Cloud routers on interconnection platforms will become more widespread in 2023, enabling cloud-to-cloud communication by ensuring that latency is minimized and available bandwidth is maximized, so that the different applications in two or more clouds can interact with each other as if they were hosted in the same cloud. This improves interoperability between all cloud environments and the given application, enabling the synchronization of data across a diverse operator landscape. This, in turn, will give a further boost to multi-cloud scenarios, making them easier to manage and providing added protection for critical company data.
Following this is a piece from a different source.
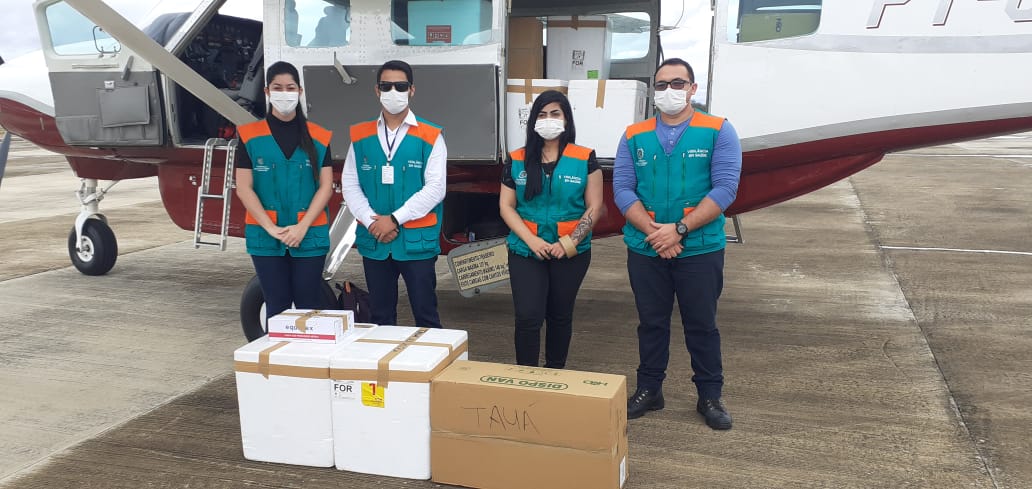 A 26ª remessa de vacinas contra a Covid-19 destinadas aos 4 municípios pertencentes a 14ª Célula Regional de Saúde chegou na última sexta-feira(02), ao Aeroporto Regional Pedro Teixeira Castelo, em Tauá. Ao todo, chegaram 1.537 doses dos imunizantes, AstraZeneca e Pfizer, já entregues aos municípios de Tauá, Aiuaba, Arneiroz e Parambu.
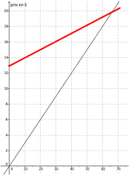 - Per via grafica, per esempio scrivere alcune coppie di valori dell’offerta B sul grafico, constatare che sono allineati e tracciare la retta corrispondente. Si trova così il punto di intersezione delle due rette, che ha per coordinate (65 ; 19,5). Naturalmente poiché in ordinata il punto 19,5 non è esattamente individuabile occorre effettuare la verifica aritmetica.

2. Scaling up 5G use cases
Unlike previous mobile network generations, 5G is not a single technology. Instead, it is a set of different standards, incorporating various features on multiple layers. This includes the frequency used, modulation and multiplexing, and the latency – developed with specific use cases in mind, such as improving mobile broadband, optimizing machine-to-machine communication for massive arrays (MMIMO), and offering ultra-reliable low latency communications (uRLLC) for time-critical use cases. The deployment of 5G is still only in its infancy, even though it feels like it has been around for years. Certainly, we already have 5G on our mobile phones, but that is just the radio access network (RAN), rather than edge networking, service virtualization, and function chaining, etc., which are envisioned as features that will come with software integration. As companies begin to use 5G for IoT at scale and productize it, we will see further evolution of the technology stack to meet growing commercial demands.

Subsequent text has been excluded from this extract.